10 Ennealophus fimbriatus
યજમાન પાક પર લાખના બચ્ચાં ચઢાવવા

==

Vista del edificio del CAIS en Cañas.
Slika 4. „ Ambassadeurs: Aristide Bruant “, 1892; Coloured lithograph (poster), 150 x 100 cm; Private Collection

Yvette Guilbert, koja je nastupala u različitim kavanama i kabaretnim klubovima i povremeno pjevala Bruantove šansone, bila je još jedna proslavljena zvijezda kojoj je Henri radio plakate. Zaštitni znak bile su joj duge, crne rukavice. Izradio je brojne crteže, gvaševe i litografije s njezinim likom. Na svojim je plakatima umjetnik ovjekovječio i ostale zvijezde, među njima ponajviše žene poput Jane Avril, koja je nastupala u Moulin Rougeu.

= What the exercise asks =
Copy out, word for word, the part of the entries above that begins at the line with "10 Ennealophus fimbriatus" and ends at the line with "યજમાન પાક પર લાખના બચ્ચાં ચઢાવવા", including both.

= Answer below =
10 Ennealophus fimbriatus
યજમાન પાક પર લાખના બચ્ચાં ચઢાવવા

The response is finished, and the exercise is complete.